According to Collins and Barrington, among certain native tribes of Australia, "when the mother of a suckling dies, if no adoptive parents can be found, the child is placed alive in the arms of the corpse and buried together with it." Of the Banians of Bombay, Niebuhr tells us that children under eighteen months old are buried when the mother dies, the corpse of the latter being burned at ebb tide on the shore of the sea, so that the next tide may wash away the ashes. In certain parts of Borneo: "If a mother died in childbirth, it was the former practice to strap the living babe to its dead mother, and bury them both together. 'Why should it live?' say they. 'It has been the death of its mother; now she is gone, who will suckle it?.'"

In certain parts of Australia, "children who have caused their mother great pain in birth are put to death," and among the Sakalavas of Madagascar, the child of a woman dying in child-bed is buried alive with her, the reason given being" that the child may thus be punished for causing the death of its mother."

As has been noted elsewhere, not a few primitive peoples have considered that death, in consequence of giving birth to a child, gained for the mother entrance into Paradise. But with some more or less barbarous tribes quite a different idea prevails. Among the Ewe negroes of the slave coast of West Africa, women dying in childbirth become blood-seeking demons; so also in certain parts of Borneo, and on the Sumatran island of Nias, where they torment the living, plague women who are with child, and kill the embryo in the womb, thus causing abortion; in Java, they make women in labour crazy; in Amboina, the Uliase and Kei Islands, and Gilolo, they become evil spirits, torturing women in labour, and seeking to prevent their successful delivery; in Gilolo, the Kei group, and Celebes, they even torment men, seeking to emasculate-them, in revenge for the misfortune which has overtaken them.

Of the Doracho Indians of Central America, the following statement is made: "When a mother, who is still suckling her child, dies, the latter is placed alive upon her breast and burned with her, so that in the future life she may continue to suckle it with her own milk." Powers remarks concerning the Korusi (Patwin) Indians of California: "When a woman died, leaving her infant very young, the friends shook it to death in a skin or blanket.

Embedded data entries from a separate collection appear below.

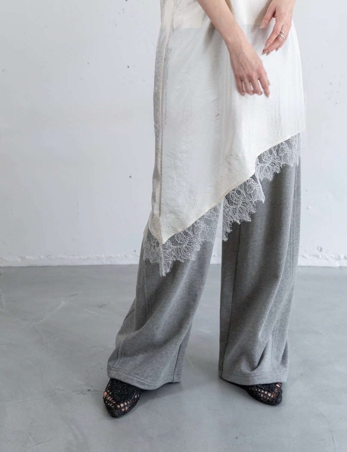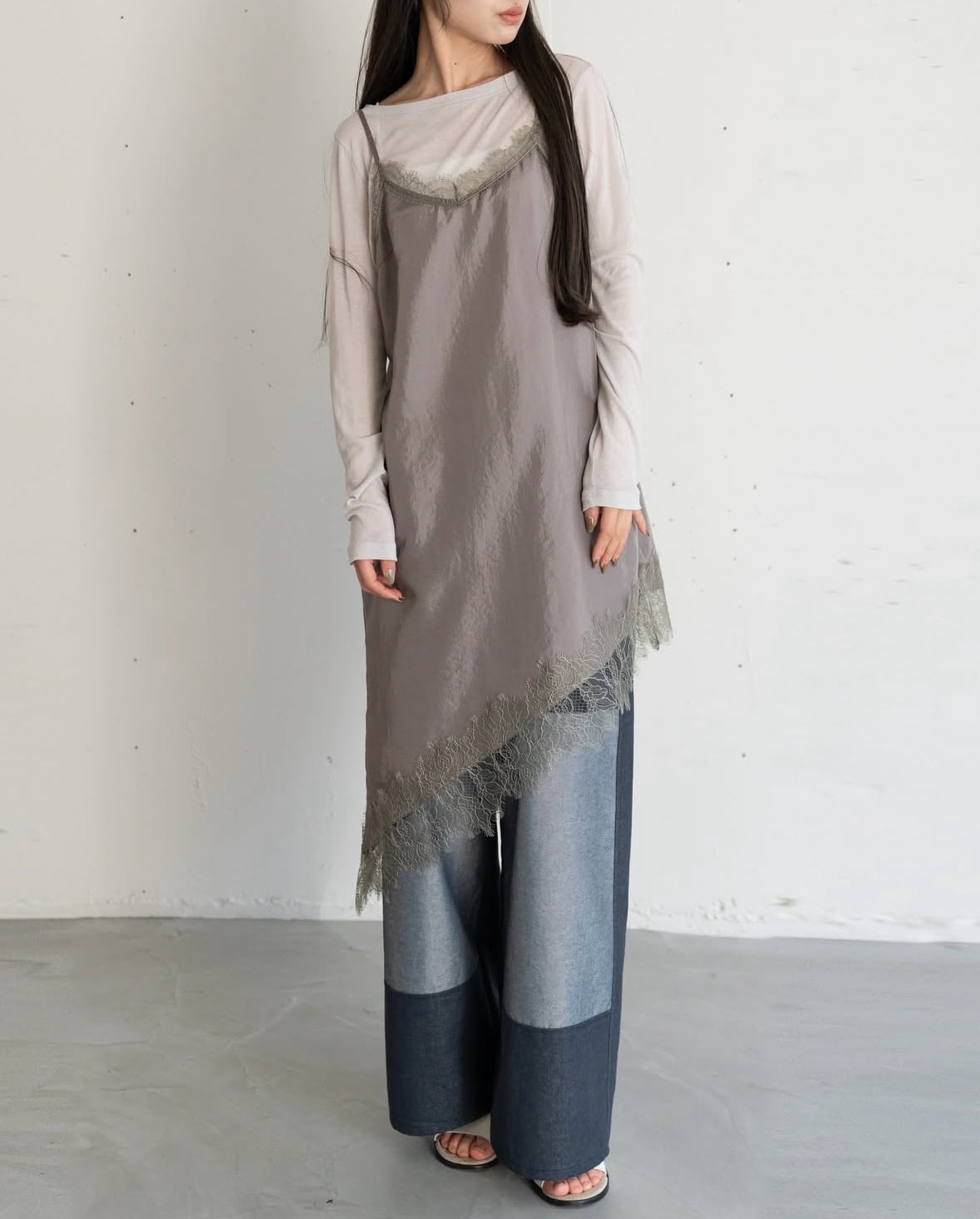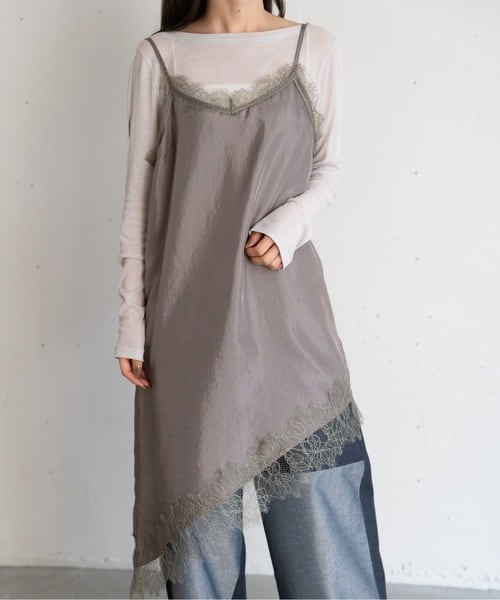 アシメ丈のキャミソールは繊細なレースを使用したランジェリーなデザイン。
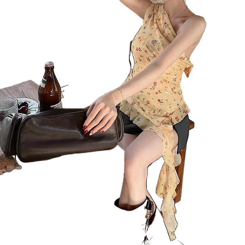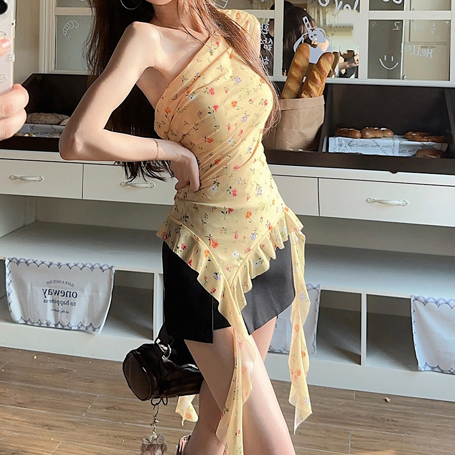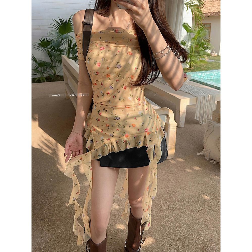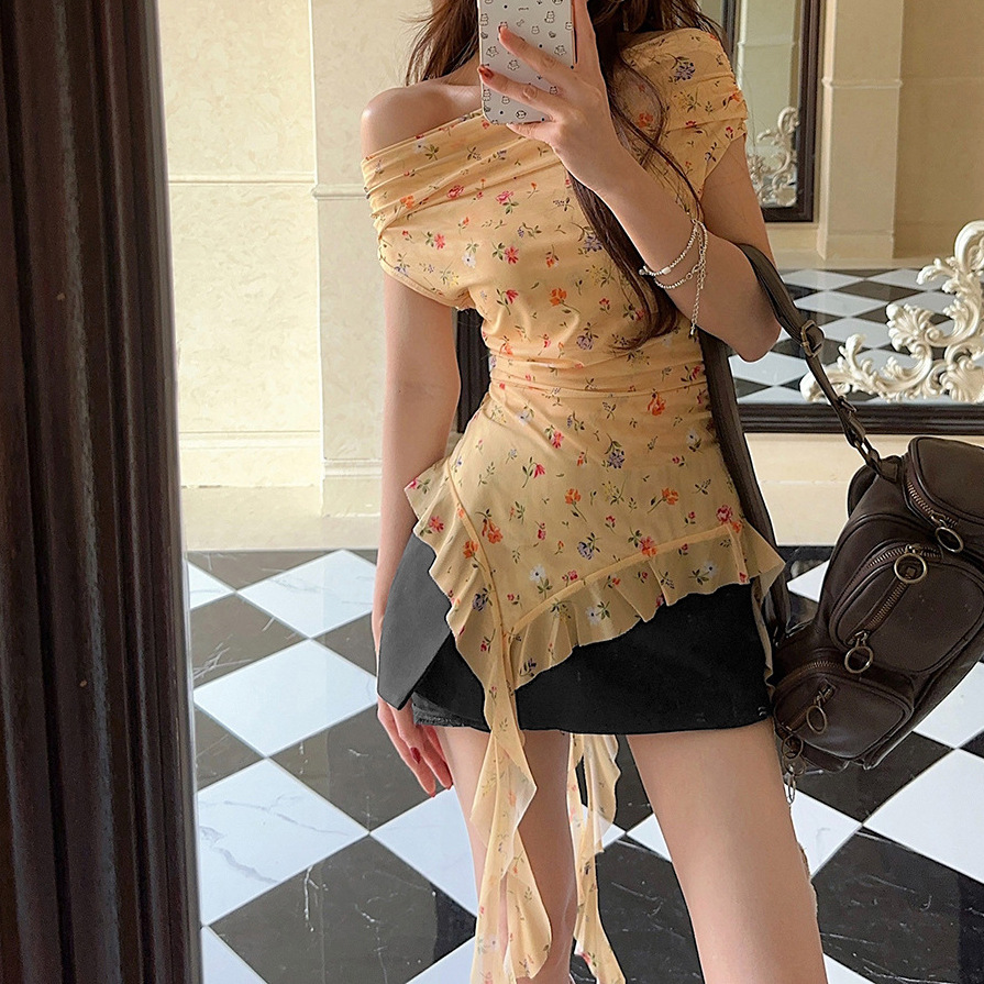 Летняя горячая девушка ретро-букет на плечах топы с цветочным нерегулярным темпераментом Французская рубашка оранжевая Другие воротники
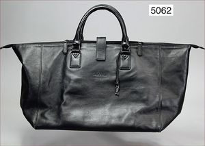 GOLDPFEIL Reisetasche, schwarzes weiches Leder, Goldpfeil eingeprägt auf Frontseite, 2 lederne kurze Trageriemen mit Goldpfeil Anhänger, Druckknopf auf der Frontseite, Reißverschluss mit Lederzipper, innen Stoff, gr. Fülltasche, seitl. Seitentasche mit Reißverschluss, gemarkt Goldpfeil Germany 1856, unten 4 Füße, 54 cm breit, 28 cm hoch, bis auf kl. Gebrauchsspuren in gutem Zust.
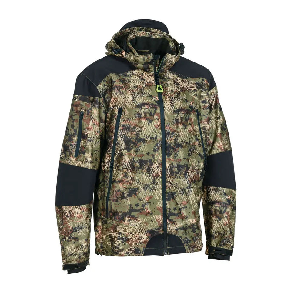 เครื่องแบบยุทธวิธีของแท้ลายพรางเสื้อแจ็คเก็ตกันลมกันน้ำสำหรับเดินป่าล่าสัตว์มีฮู้ดอุปกรณ์ระบายอากาศ
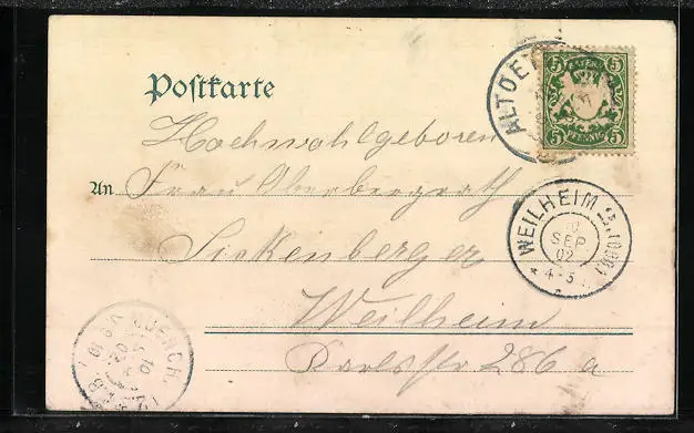 Personenbezogene Daten auf der Rückseite der Karte wurden durch blauen Textmarker unkenntlich gemacht. Die blauen Stellen sind auf die Vorderseite durchgeweicht und wirken sich negativ auf das Postkartenfoto aus
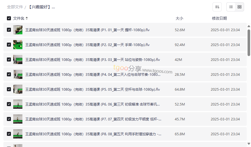 台球作为一项兼具技巧与策略的运动,深受广大爱好者的喜爱。本资源《王孟南台球30天速成班》是一套系统化、结构化的高清视频教程,覆盖从基础握杆、站位到高级加塞走位、清台思路的全方位教学内容。通过35节精心设计的课程,帮助学习者逐步掌握台球核心技术,无论是零基础新手还是希望提升水平的进阶玩家,都能从中获益。这套资源特别适合:
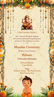 Create your baby’s mundan invitation card with photo online free. Easy to design, customize, and s...
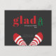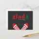 These 4.25" x 5.6" flat holiday or New Year postcards feature the word "glad" in big bold letters with a little hand drawn Christmas tree and funny red and white striped socks with a placeholder for the family name and year. There is a *note...*Decided to switch things up this year.
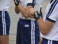 腕に腕時計のようなデバイスを付けて体育の授業に取り組んでいました。これは1学期から準備を進めてきた体育の授業におけるICTの活用の一環で試行しているものです。子ども達一人一人の心拍数を読み取って、リアルタイムで運動の強度などをモニタリングできるもので、これからどう活用していくか楽しみです。今日は鉄棒で前回りなどを行い、心拍数が誰もが100を超えるような値を示していました。体育の授業にもスポーツ科学的なことがどんどん入ってくるかもしれません。
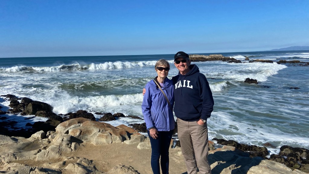 We had an afternoon adventure with Britta and Isaac driving south to Santa Cruz. As we were driving along the coast we saw massively big waves. Isaac has lived in Oakland most of his life and said he had never seen waves that big. We ended up pulling over to a place where we could park and get out of the car. Britta and Isaac walked way out on some rocks which of course made us very nervous. A park ranger came by to warn us about “Sleeper Waves”, which are random even bigger waves. In Santa Cruz we went on a scenic walk along a path high up above the coast, ate tacos for lunch, and got ice cream cones before it was time to drive back to Alameda. Following is a photo of the giant waves crashing again the rocks, with Britta and Isaac getting a little too far out for our comfort.
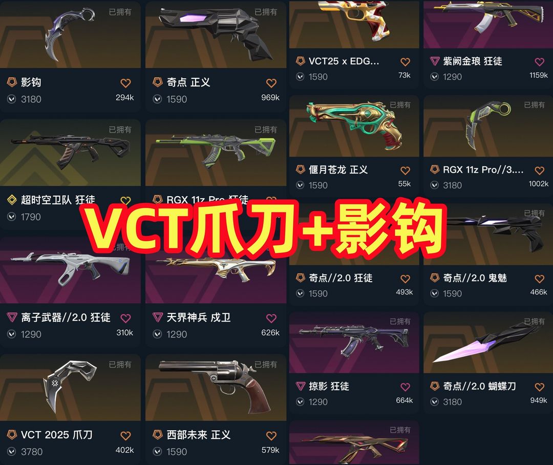 可排✅精品热门★影钩掠夺爪刀★显卡vct爪刀蝴蝶刀★紫金超时空卫队显卡离子2.0★西部未来★奇点正义
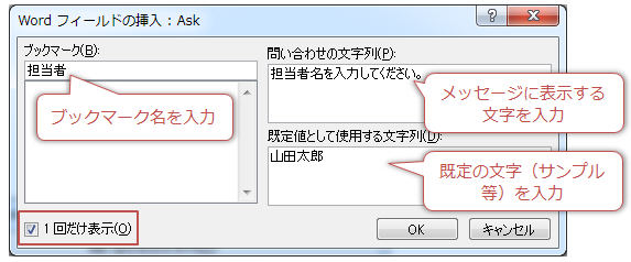 ASKフィールドはメイン文書にデータを差し込む時に入力を求めるメッセージを表示し、入力された値をブックマークに格納するフィールドです。そのブックマークをメイン文書に挿入しておけば一括して入力されたデータを差し込むことができます。(似た動作をするFILLINフィールドはこちら)
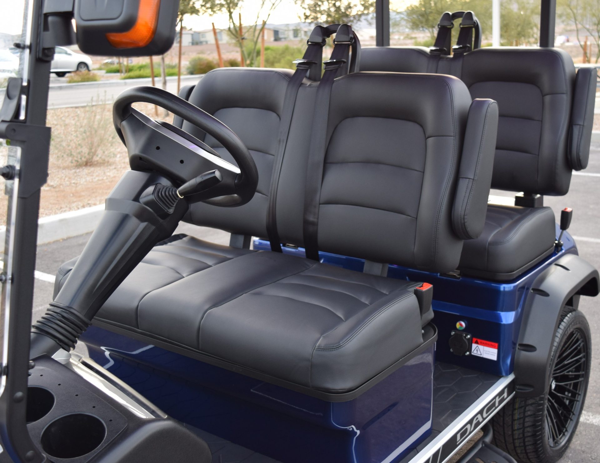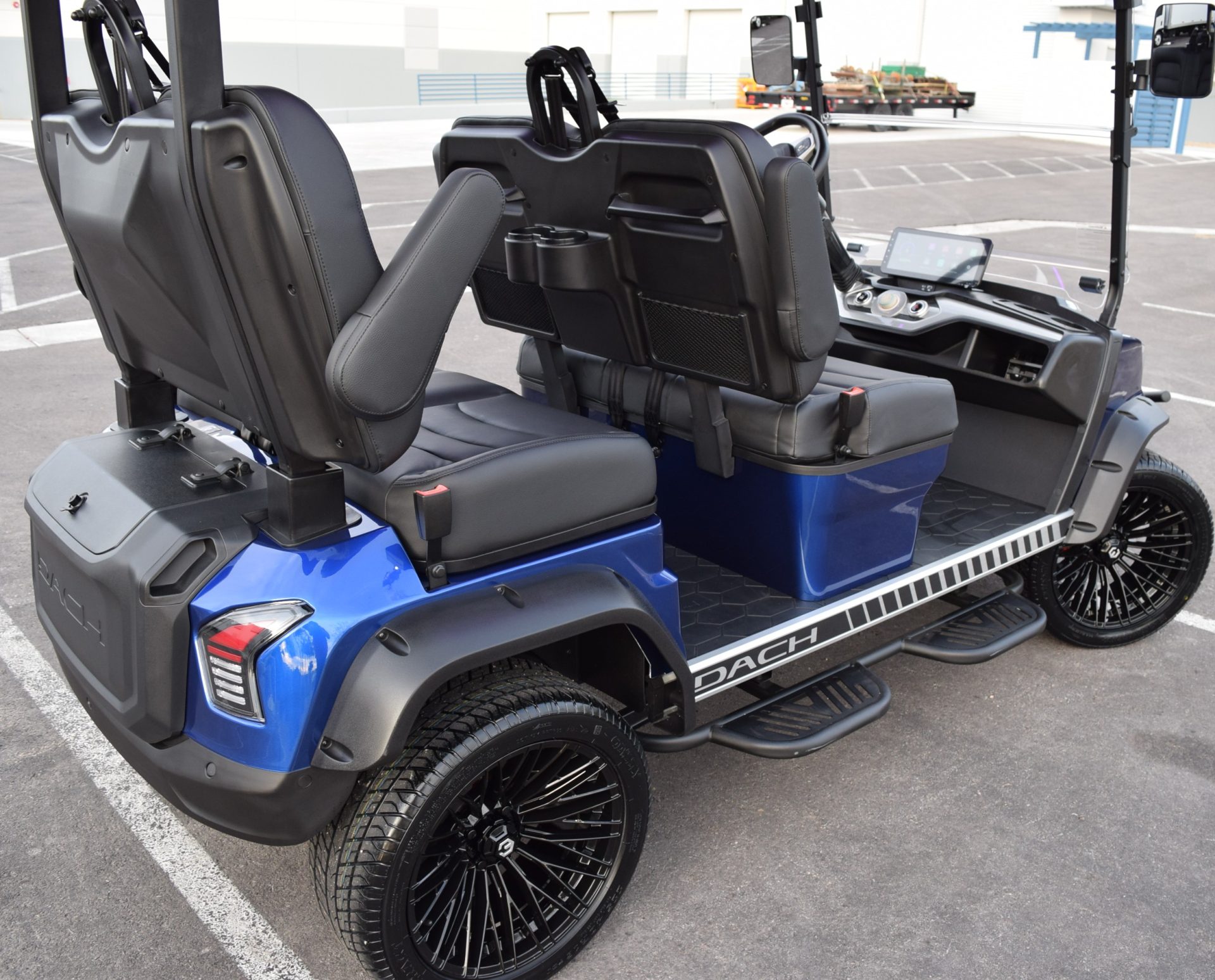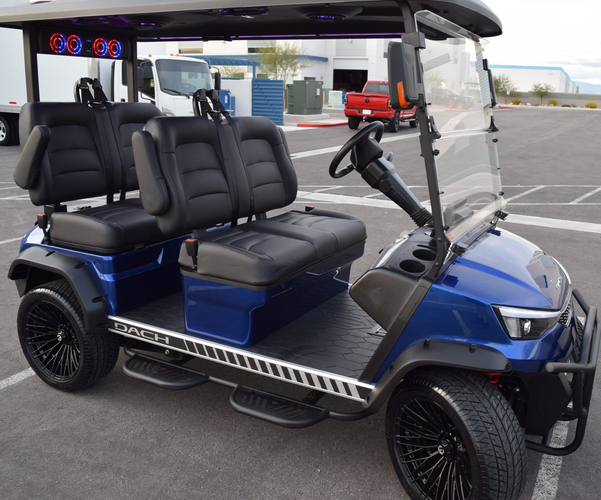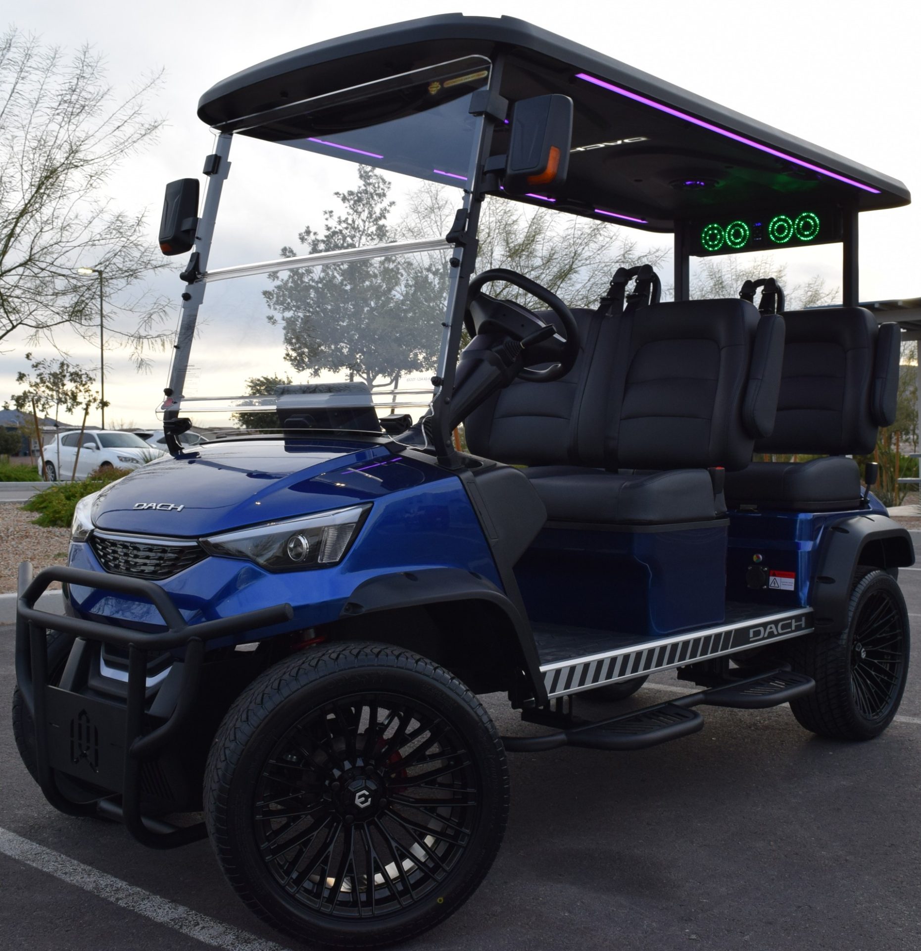 2026 Dach Apollo Custom! Blue with Black Interior, Modz Reaper 16 in gloss black wheels and 16-inch tires! This is one of the best built carts around! This cart is a 72v motor when most are only 48. This has longer more efficient range and is a powerhouse with extra passengers and hills. This cart comes fulllllllllly loaded. Sound Bar, Roof speakers that color change, LED color changing lights, Side steps, Brush guard, Apple car play, Keyless start with your phone. LSV street legal with a 17-digit vin number. 8 exterior colors, 4 standard interior colors and 4 upgraded interior color options with MODZ seat skins, 2-wheel options and 2 tire options. We have every color combo on order. Stop in to be one of the first to have one of these bad boys! 0% for 36 months or only 5.99% for 60 months. Trades welcome! We buy carts as well. We include a LIFETIME battery warranty with all new cart purchases SINCITYGOLFCARS.COM 702-SIN-CITY 3720 E. DALE AVE. HENDERSON, NV 89044 Voted the best golf cart dealership in Las Vegas
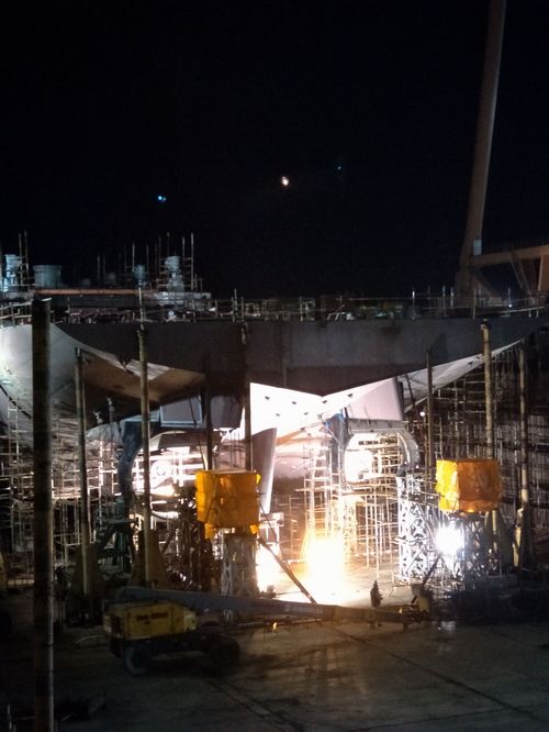 4月13日22:30,金海重工江南山基地承建的7000方耙吸式挖泥船軸舵系照光項目,在經過四小時緊張的數據校驗、精度測量后認定合格,現場駐廠船東、CCS船級社代表確認檢驗圓標記并在報告上簽字,標志著金海重工首制新型船舶按期實現照光節點。

This was done even with a half-breed child." Of the Nishinam Indians, the same authority informs us: "When a mother dies, leaving a very young infant, custom allows the relatives to destroy it. This is generally done by the grandmother, aunt, or other near relative, who holds the poor innocent in her arms, and, while it is seeking the maternal fountain, presses it to her breast until it is smothered. We must not judge them too harshly for this. They knew nothing of bottle nurture, patent nipples, or any kind of milk whatever, other than the human."

Among the Wintun, also, young infants are known to have been buried when the mother had died shortly after confinement.

The Eskimo, Letourneau informs us, were wont to bury the little child with its dead mother, for they believed that unless this were done, the mother herself would call from Killo, the other world, for the child she had borne.